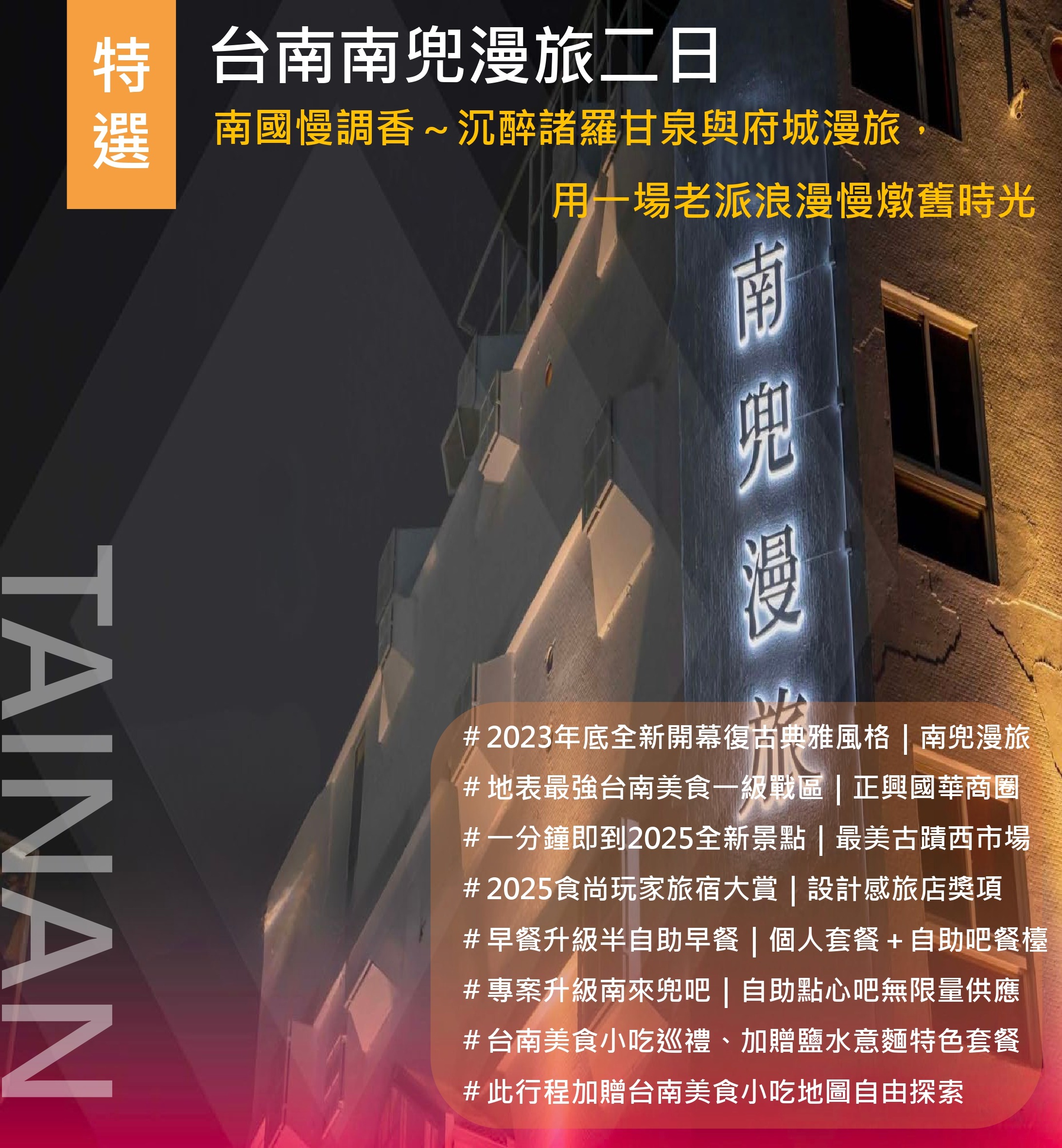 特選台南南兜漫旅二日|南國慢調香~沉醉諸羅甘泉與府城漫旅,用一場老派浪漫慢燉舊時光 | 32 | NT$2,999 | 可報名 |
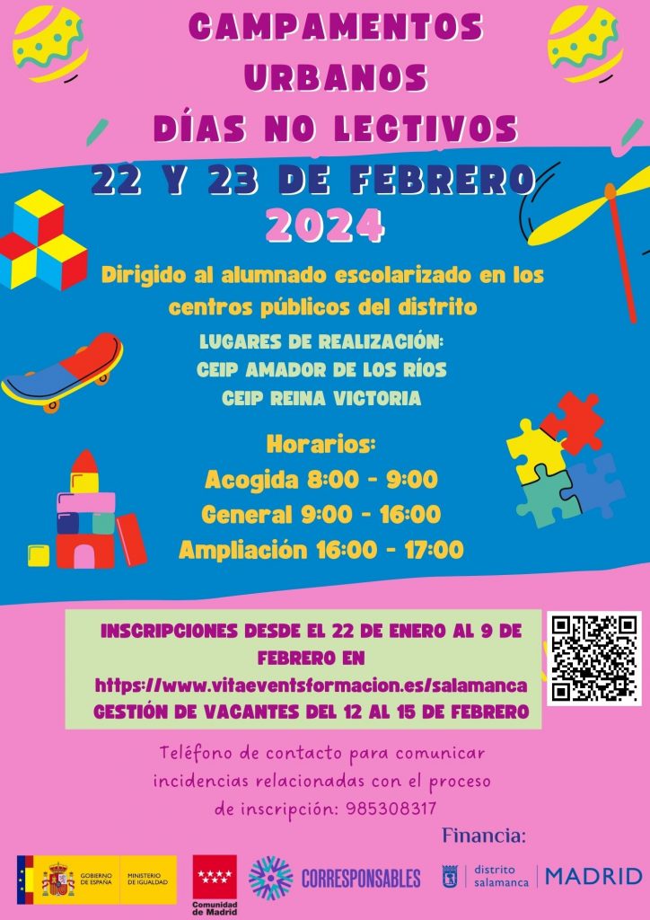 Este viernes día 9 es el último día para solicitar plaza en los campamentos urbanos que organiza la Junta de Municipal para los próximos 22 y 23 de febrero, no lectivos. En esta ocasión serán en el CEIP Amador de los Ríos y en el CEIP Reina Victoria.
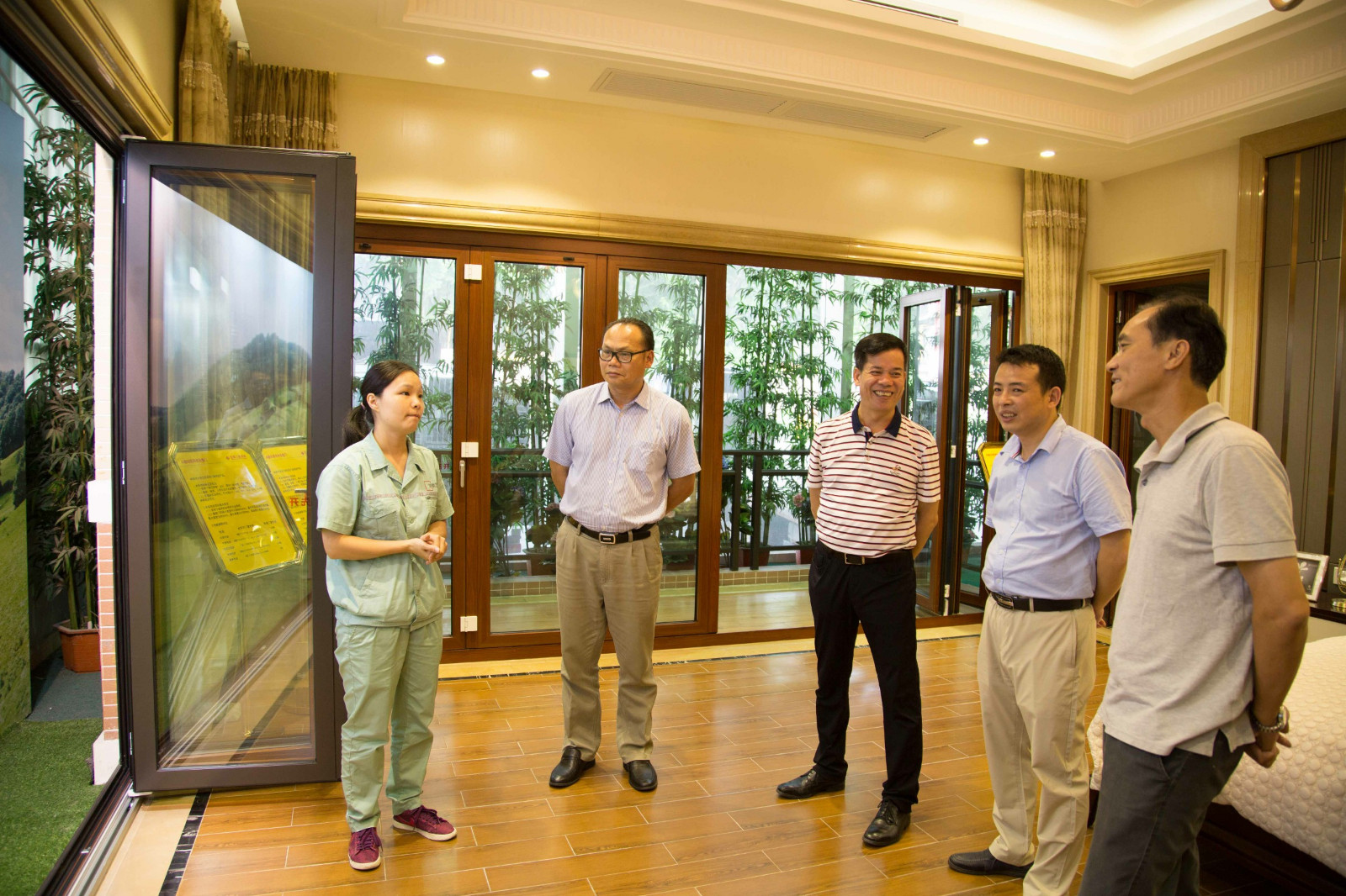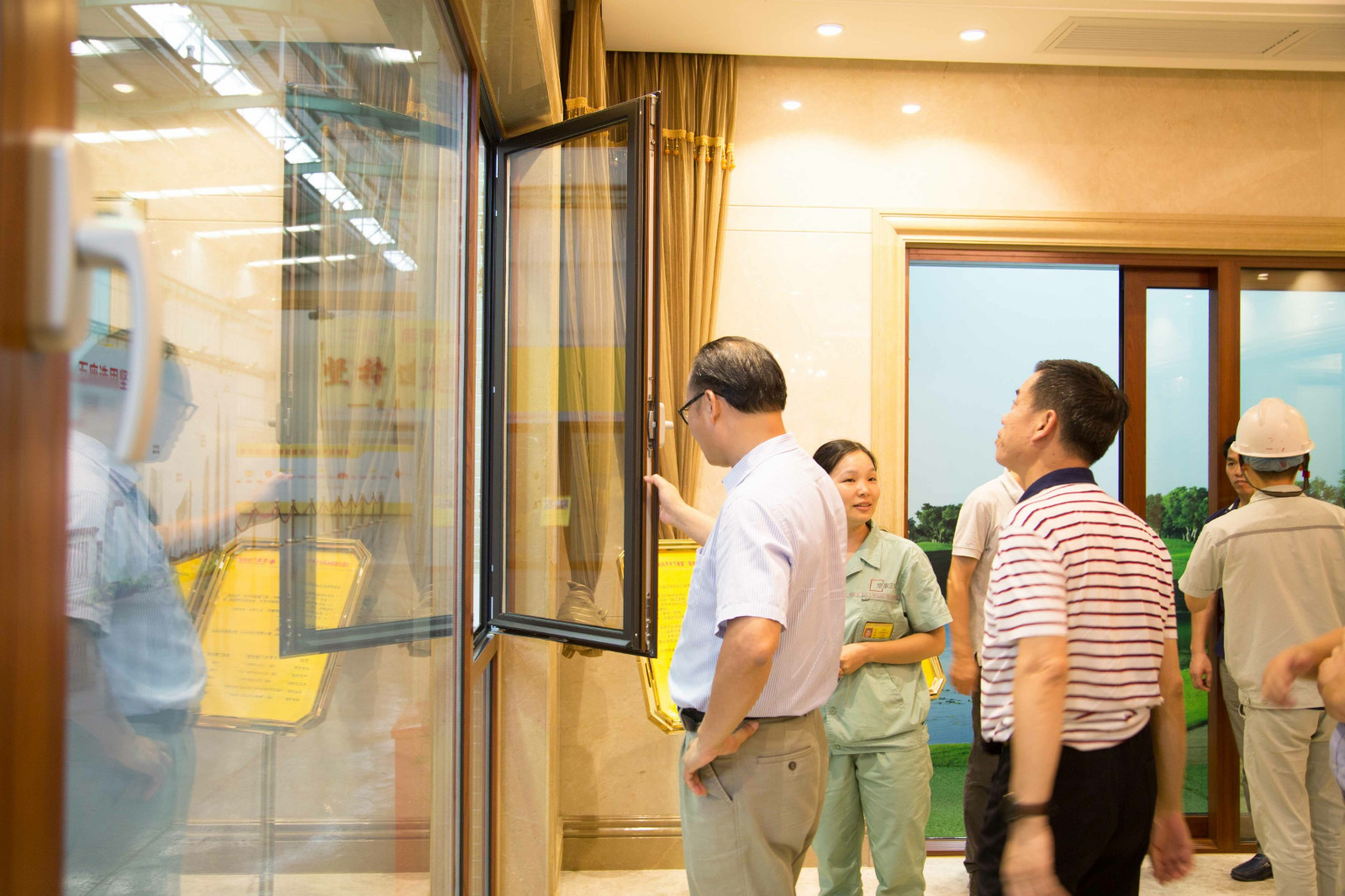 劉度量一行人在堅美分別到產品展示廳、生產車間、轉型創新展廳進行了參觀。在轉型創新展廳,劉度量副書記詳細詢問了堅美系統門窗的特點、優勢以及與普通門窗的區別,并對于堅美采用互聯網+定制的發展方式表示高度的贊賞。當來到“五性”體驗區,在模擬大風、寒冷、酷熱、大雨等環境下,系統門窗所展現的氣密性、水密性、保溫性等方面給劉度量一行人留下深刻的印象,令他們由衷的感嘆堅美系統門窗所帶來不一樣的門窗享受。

⁂

### REQUIREMENT:
Please give back the material above exactly as written, pictures omitted.

### RESPONSE FOR THIS EXERCISE:
 特選台南南兜漫旅二日|南國慢調香~沉醉諸羅甘泉與府城漫旅,用一場老派浪漫慢燉舊時光 | 32 | NT$2,999 | 可報名 |
 Este viernes día 9 es el último día para solicitar plaza en los campamentos urbanos que organiza la Junta de Municipal para los próximos 22 y 23 de febrero, no lectivos. En esta ocasión serán en el CEIP Amador de los Ríos y en el CEIP Reina Victoria.
 劉度量一行人在堅美分別到產品展示廳、生產車間、轉型創新展廳進行了參觀。在轉型創新展廳,劉度量副書記詳細詢問了堅美系統門窗的特點、優勢以及與普通門窗的區別,并對于堅美采用互聯網+定制的發展方式表示高度的贊賞。當來到“五性”體驗區,在模擬大風、寒冷、酷熱、大雨等環境下,系統門窗所展現的氣密性、水密性、保溫性等方面給劉度量一行人留下深刻的印象,令他們由衷的感嘆堅美系統門窗所帶來不一樣的門窗享受。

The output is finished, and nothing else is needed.